For children whose asthma is not well controlled and on low doses of inhaled corticosteroids, a long-acting beta-agonist (LABA) may be the most effective of three possible step-up treatments. National Jewish clinician-scientists Stanley Szefler, Joseph Spahn, Ronina Covar Gary Larsen and Lynn Taussig, and colleagues in the NIH-funded Childhood Asthma Research and Education Network published their findings March 2, 2010, online in the New England Journal of Medicine.
"This study gives physicians confidence in using long-acting beta-agonists if a patient is not responding to steroid treatment alone," said said Dr. Szefler, Professor of Pediatrics and Pharmacology at National Jewish Health. "It also shows that children respond quite differently to different step-up therapies. Doctors need to monitor their patients closely and consider switching to a higher dose of inhaled corticosteroids or a leukotriene receptor antagonist if the long-acting beta agonist does not improve asthma control."

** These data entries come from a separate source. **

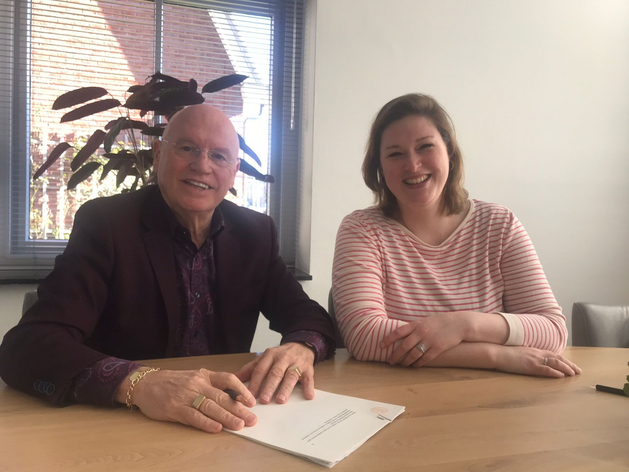 Vrijdagmorgen 14 april om 09:00 uur zitten voorzitter Hans van Zetten en secretaris Christine Brouwer-Kooijmans bij notaris Jacobs aan de Putterweg 12 in Ermelo.
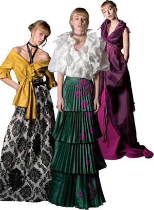 Dilek Hanif Hazır Giyim 2017-18 Sonbahar- Kış koleksiyonunda ise sezonun trendlerini Dilek Hanif tasarım kodlarına göre yorumladığımız bir çizgi hakim. Yüksek yakalar, kıvrımlı kol detayları ve boyun bağlarıyla süslenmiş uzun romantik elbiseler 2018 yılı koleksiyonlarımda en çok çalıştığım tasarımları oluşturuyor. Koleksiyon, 19. yüzyıl sonu Viktorya Dönemi’ne atıfta bulunuyor ve 60’ların stil ikonu Jackie Kennedy’nin vazgeçilmezi inci işlemelerle tamamlanıyor. Efsanevi fotoğraf sanatçısı ve moda filmi yönetmeni Nick Knight’ın eserlerinden ilham alan gül desenleriyle uçuş uçuş şifonlar da adeta canlanıyor, sıcak bir sonbaharı karşılıyor. Dilek Hanif Hazır Giyim 2017-18 Sonbahar-Kış Koleksiyonu’nun ana hatlarını oluşturan sezonun trendi bronz tonların yanı sıra koyu ve kayrak griler, sıcak tarçınlar, kırık beyazlar ve yanardöner etki veren gümüş lameler mavi şifonlarla bir araya geliyor. Vazgeçilmez siyah dantel detaylar ve lame kurdeleler kristal işlemelerle birleşerek görünüme asalet katıyor. Yılbaşı gecesinde siyah ve kırmızı giyinmek yıllardır süregelen bir alışkanlığımız; fakat kıyafet tercihlerimizi sadece iki renkle sınırlamamız gerekmiyor. Her şeyden önce yılbaşı geceleri parlak süslemeleriyle bir ihtişamı temsil ediyor. Tüm bu ihtişamı doğru tercihlerle kombinlerimize yansıtmak ise mümkün.
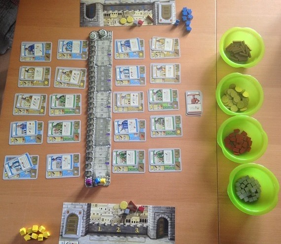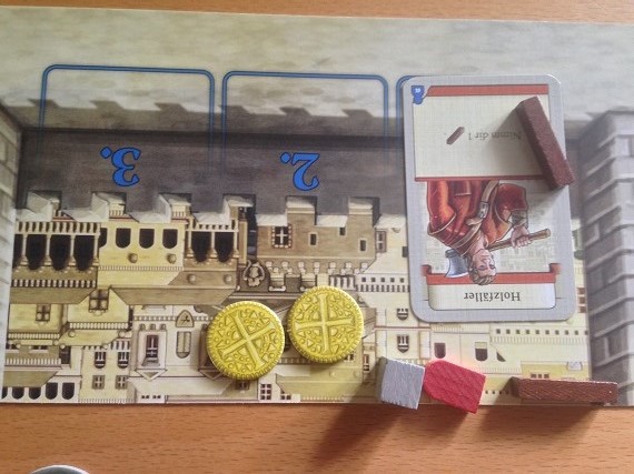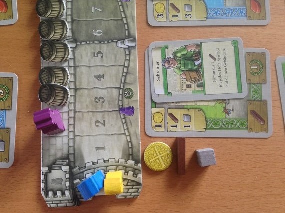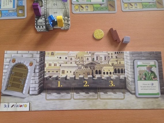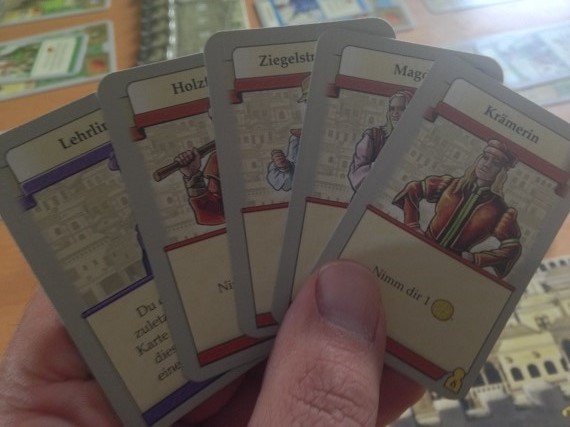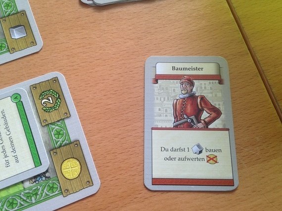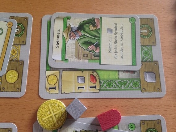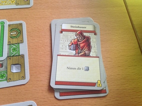 Ja, es gibt viele Gebäude, von denen man im ersten Spiel nicht alle zu sehen bekommt. Aber für ein Deckbau Spiel ist dann doch zu wenig Varianz drin. Im Endeffekt haben wir zu jedem Rohstoff eine Möglichkeit diesen zu erwerben, einen Baumeister, der bestimmte Rohstoffe beim Bau spart und Belohnungskarten, die Siegpunkte für bestimmte Gebäude generieren. Dann noch ein paar Varianzen dazwischen und das war es. Hier wäre mehr schön gewesen. Kein absolutes Muss, aber eben schön. Aber so gibt es zum Glück keine übermächtigen Karten, die Kombinationen erlauben, die nicht einholbar sind. Es ist alles einfach etwas bodenständig.

Approximately 7 million children in the United States have asthma. The prevalence has more than doubled in the past several decades. Asthma in the United States accounts for 500,000 hospitalizations, 10.5 million physician-office visits, and 3,500 deaths as well as millions of missed school days.
Almost all the children responded differently to the three step-up therapies. About 45 percent of the children responded best to the long-acting beta agonist salmeterol, 28 percent responded best to the leukotriene receptor antagonist montelukast, and 27 responded best to doubling the dose of the inhaled corticoteroid fluticasone.